● Exercise brief: No picture should appear in the copy. Transcribe exactly, and only, the lines from the one with "根菜和風カレーライス(雑穀) マカロニサラダ ヨーグルト 小魚" through the last line of the data below.

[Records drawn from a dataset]
+ + + + +

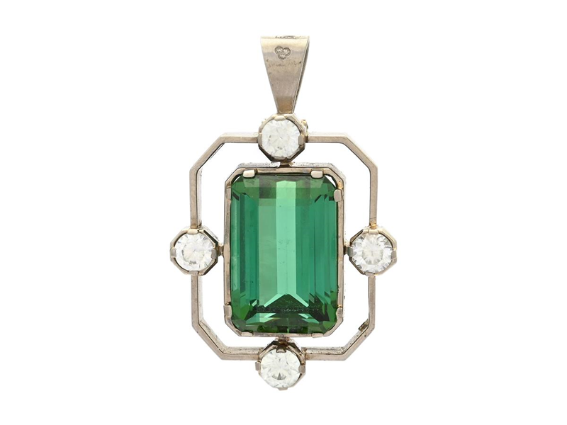 HÄNGE, 18K vitguld, smaragdslipad turmalin ca 12,5 ct, 4 st zirkoner ca 1,6 ctv, Owen & Larsson Co Larsson Stockholm, 1900-talets mitt, mått 35 x 23 mm, vikt 11,5 g.
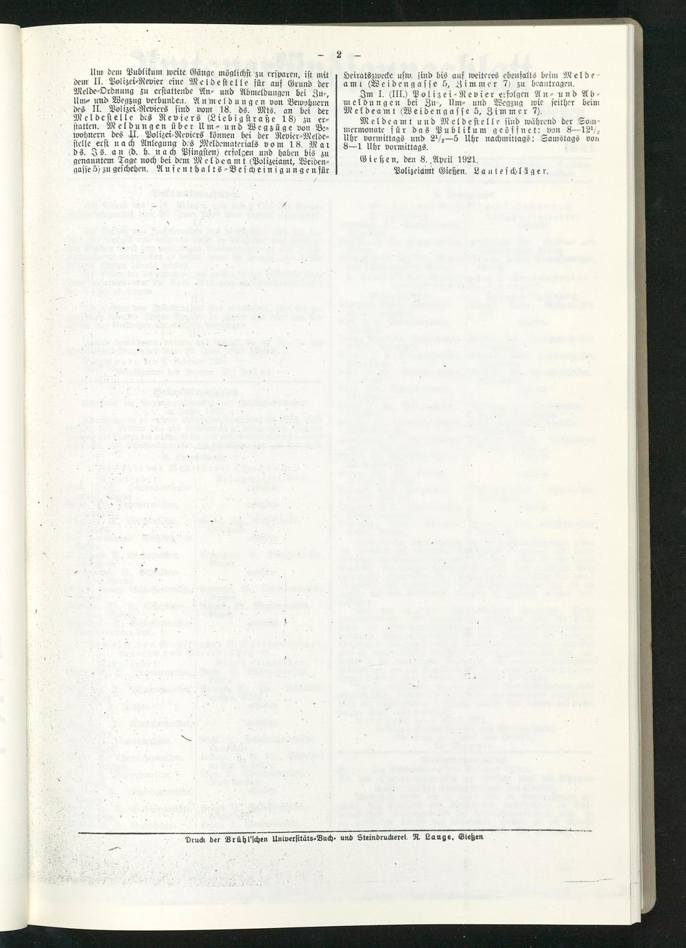 Um dem Publikum weite Gänge möglichst zu ersparen, ist mit dem! II. Polizei-Revier eine Meldestelle für auf Grund der Melde-Ordnung zu erstattende An- und Abmeldungen bei Zu-, Um? und Wegzug verbunden. Anineldungc n von Bewohnern des II. Polizei-Reviers sind vom 18. ds. Mts. an bei der Meldestelle des Reviers (L ieb i g str a ß e 18) zu erstatten. Meldungen üb-er Um- und Wegzüge von Be- ivohnern des II. Polizei-Reviers können bei der Revier-Melde- stellc erst nach Anlegung d.'s Meldematerials vom 18. Mar ds. Js. au (d. h. nach Pfingsten.) erfolgen und haben bis zu genanntem. Tage noch bei dem Meldeamt ! Polizeiamt, Weidengasse 5) zu geschehen. Au f en th a l t s - B e s ch ein i g u n g e nfür
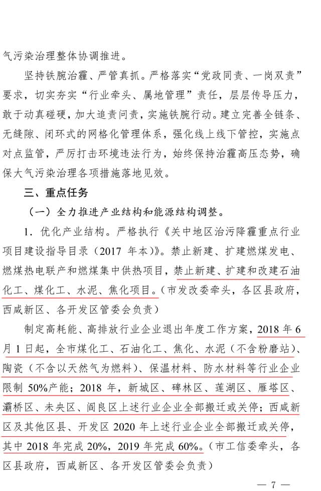 按照計(jì)劃,2018年6月1日起,西安全市煤化工、石油化工、焦化、水泥(不含粉磨站)、陶瓷(不含以天然氣為燃料)、保溫材料、防水材料等行業(yè)企業(yè)限制50%產(chǎn)能。2018年,城市六區(qū)及閻良區(qū)上述行業(yè)企業(yè)全部搬遷或關(guān)停。西咸新區(qū)及其他區(qū)縣、開發(fā)區(qū)2020年上述行業(yè)企業(yè)全部搬遷或關(guān)停。到2020年,基本建成“無煤化”城市。
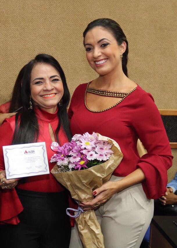 “As comemorações ao mês da mulher continuam. Desta vez, fui homenageada na Sessão Especial Março Mulher, no plenário da Assembleia Legislativa da Bahia!”, postou a prefeita nas redes sociais.
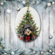 On the front of this Holiday ornament is the image of a cute black and tan Cavapoo Dog wearing a festive red bow. Behind the dog is a decorated Holiday tree. On the back, red and green text says MERRY CHRISTMAS", and there are additional text fields for you to customize. Make it say whatever you'd like!
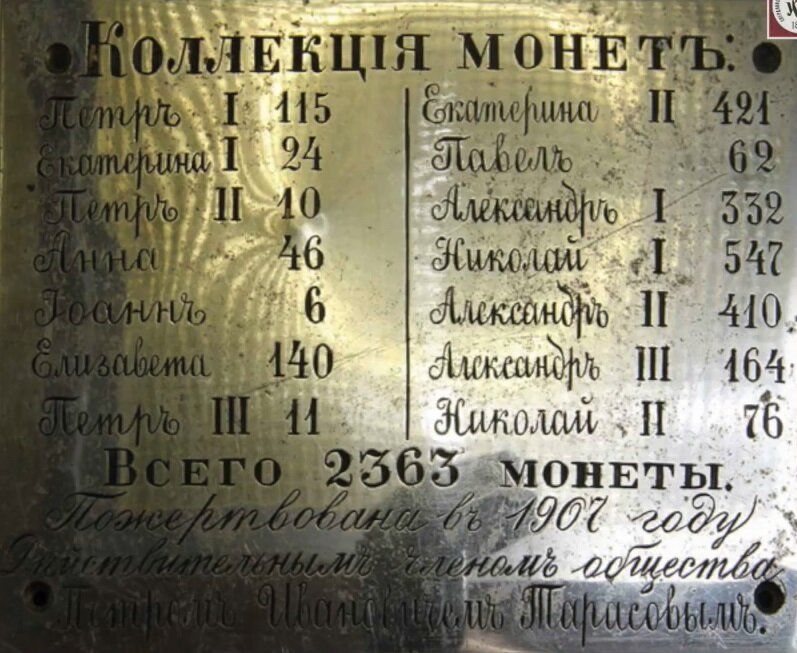 В 1907 году коллекция пополнилась богатым собранием русских монет 1700 -1900 годов, принадлежавшим золотопромышленнику П.И.Тарасову.
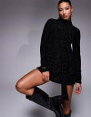 【送料無料】 エイソス レディース ワンピース トップス ASOS DESIGN sparkle tie waist skater mini dress in black Black
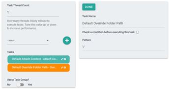 The second task to create is Default Override Folder Path. Use “/” as pattern.
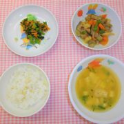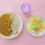 根菜和風カレーライス(雑穀) マカロニサラダ ヨーグルト 小魚
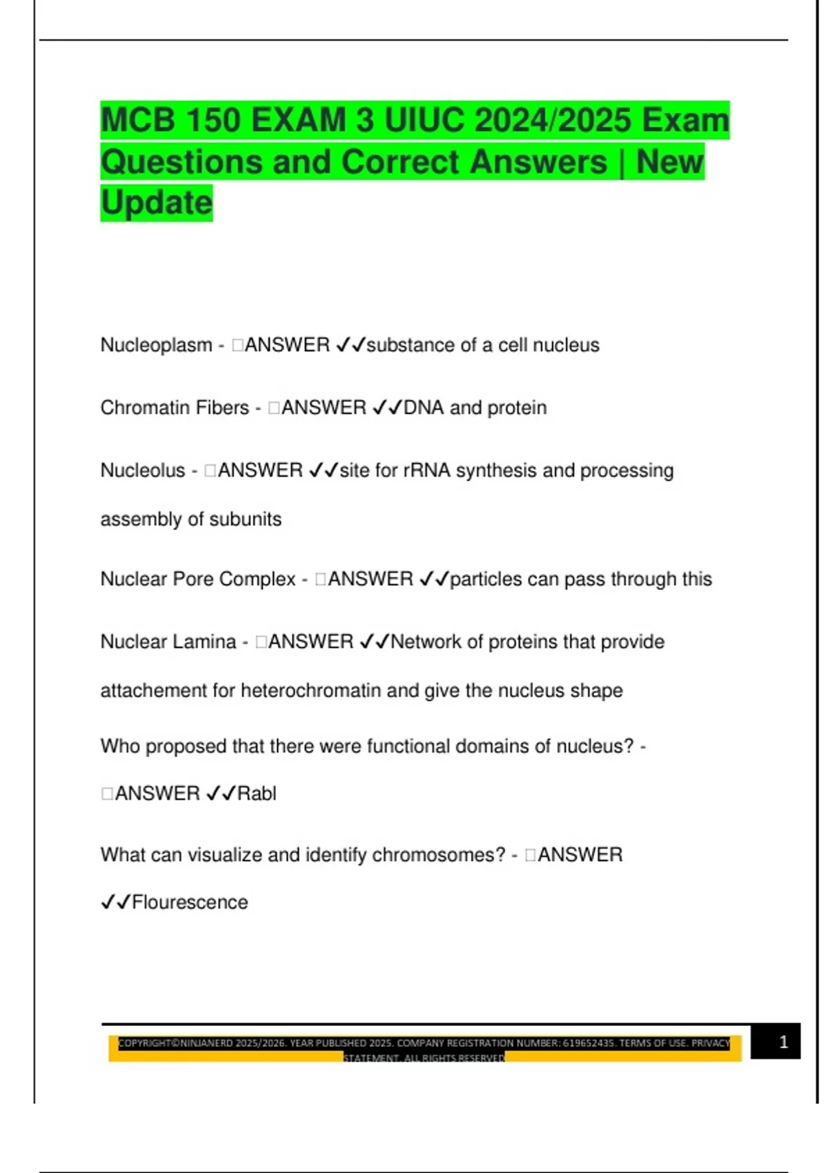 MCB 150 EXAM 3 UIUC 2024/2025 Exam Questions and Correct Answers | New Update Nucleoplasm -
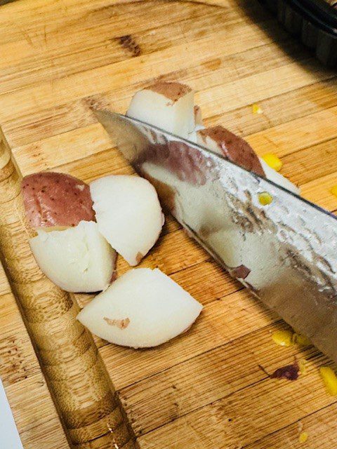 The next step of the Crawfish and Corn Bisque recipe is to add the crawfish, followed by the chopped potatoes. Next comes the seasoning.
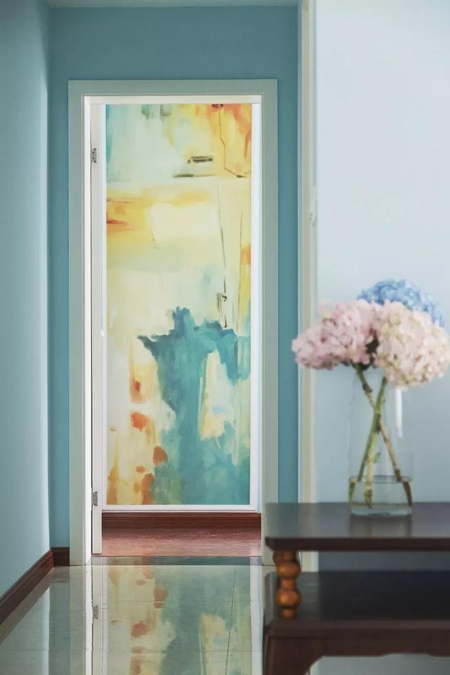 ▲走廊尽头是卧室门,门后墙面一整面的抽象壁画,打开卧室门后带来的是一个独特的艺术视觉。
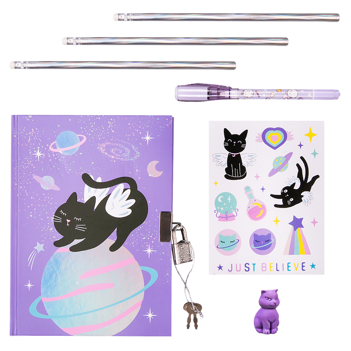 Набор канцелярских принадлежностей JOHNSHEN "Black kitty"Набор канцелярских принадлежностей — это идеальный комплект для учебы, работы или творчества. Недатированный блокнот станет не только незаменимым помощником в ведении дел, но и добавит красок в повседневную рутину. Обложка блокнота твердая и имеет прямые уголки. Закрывается блокнот на замочек с помощью ключа. Удобный и компактный размер позволит носить его с собой. В наборе также имеются простые карандаши, резинка в виде милой кошечки и уникальный фломастер с невидимыми чернилами. Написанный текст или рисунок можно увидеть только с помощью фонарика, встроенного в колпачок, что добавляет элемент интриги и веселья в процесс письма. В комплект входят наклейки, с помощью которых можно будет украсить … 2 030 тг.Marwin.kzДоставка: из АлматыПожаловатьсяКупить!

+ + + + +

● Final answer:
 根菜和風カレーライス(雑穀) マカロニサラダ ヨーグルト 小魚
 MCB 150 EXAM 3 UIUC 2024/2025 Exam Questions and Correct Answers | New Update Nucleoplasm -
 The next step of the Crawfish and Corn Bisque recipe is to add the crawfish, followed by the chopped potatoes. Next comes the seasoning.
 ▲走廊尽头是卧室门,门后墙面一整面的抽象壁画,打开卧室门后带来的是一个独特的艺术视觉。
 Набор канцелярских принадлежностей JOHNSHEN "Black kitty"Набор канцелярских принадлежностей — это идеальный комплект для учебы, работы или творчества. Недатированный блокнот станет не только незаменимым помощником в ведении дел, но и добавит красок в повседневную рутину. Обложка блокнота твердая и имеет прямые уголки. Закрывается блокнот на замочек с помощью ключа. Удобный и компактный размер позволит носить его с собой. В наборе также имеются простые карандаши, резинка в виде милой кошечки и уникальный фломастер с невидимыми чернилами. Написанный текст или рисунок можно увидеть только с помощью фонарика, встроенного в колпачок, что добавляет элемент интриги и веселья в процесс письма. В комплект входят наклейки, с помощью которых можно будет украсить … 2 030 тг.Marwin.kzДоставка: из АлматыПожаловатьсяКупить!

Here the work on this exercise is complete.